This ‘misunderstanding’ has been highlighted by science journalist Fred Pearce in ‘The Coming Population Crash: and Our Planet’s Surprising Future’; Hans Rosling in ‘Don’t panic the truth about population’; Prof. Wolfgang Lutz of Vienna’s IIASA and Sanjeev Sanyal demographer at Deutsche Bank.

Most belive the world is experiencing high population growth but research debunks this and finds we will be facing population decline.

Global Population Growth or Decline? (Image copyright Pexels.com)

‘Book review: ‘Empty Planet‘ explores the world’s next biggest population threat

Humanity is facing an imminent catastrophe, Darrell Bricker and John Ibbitson assert in their new book

The central assertion Darrell Bricker and John Ibbitson make in Empty Planet is one that readers of the daily news or regular government reports will find deeply counter intuitive. According to all that received wisdom, there is a worldwide population crisis, with humans reproducing at ever-increasing rates, rapidly eating up all the world’s resources and driving the engines of runaway climate change.

Stripped of modern trappings such as greenhouse gases and industrial meat farming, this is fairly close to the old vision of 18th-century scholar and theorist Thomas Malthus. He declared back in 1798 that in conditions of economic and cultural stability, the human population would continue to increase, even to the point where it chokes resources and overburdens the Earth itself.

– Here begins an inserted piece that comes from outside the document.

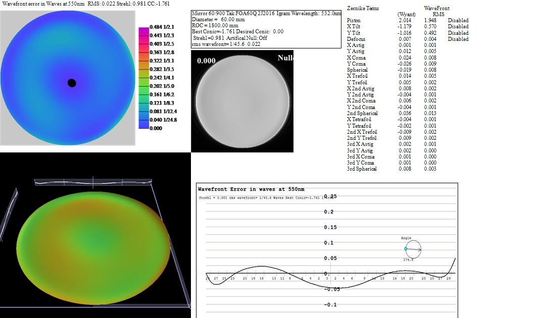 Die neue Optik mit 60mm Öffnung und 530mm Brennweite (f/8,8) ist hiermit werkseitig auch komplett als FOA-60Q mit dem neuen 1,7x Extender als 60/900 (f/15) Refraktor erhältlich. Dieser Extender mit vier Linsen in zwei Gruppen ist zwischen Tubus und Okularauszug geschraubt, dieses Prinzip ist schon vom FS-60Q bekannt. Er ist jedoch nicht als einfache Barlow zu verstehen, zusätzlich zur Brennweitenverlängerung korrigiert er auch die sphärische Aberration und ebnet das Bildfeld. Dieses Gerät besitzt die beste Korrektur aller Takahashi Teleskope und erreicht einen maximalen Strehl von 99.8% und 99% über das gesamte visuelle Spektrum! Selbst bei 300-facher Vergrößerung liefert diese kleine Optik noch ein klares Bild.

Such a view has been the standard for centuries, and some of its proponents have made quite tidy sums writing books about the doom it foretells, most notably Paul Ehrlich. His 1968 bestseller The Population Bomb warned of imminent, widespread famines as the result of human overpopulation.

Bricker and Ibbitson say such books and the thinking behind them are “completely and utterly wrong”. They agree with Malthus, Ehrlich and company that humanity is indeed facing an imminent population catastrophe – but the problem won’t be overpopulation. “The great defining event of the 21st century – one of the great defining events in human history – will occur in three decades, give or take, when the global population begins to decline,” they write. “Once that decline begins, it will never end.”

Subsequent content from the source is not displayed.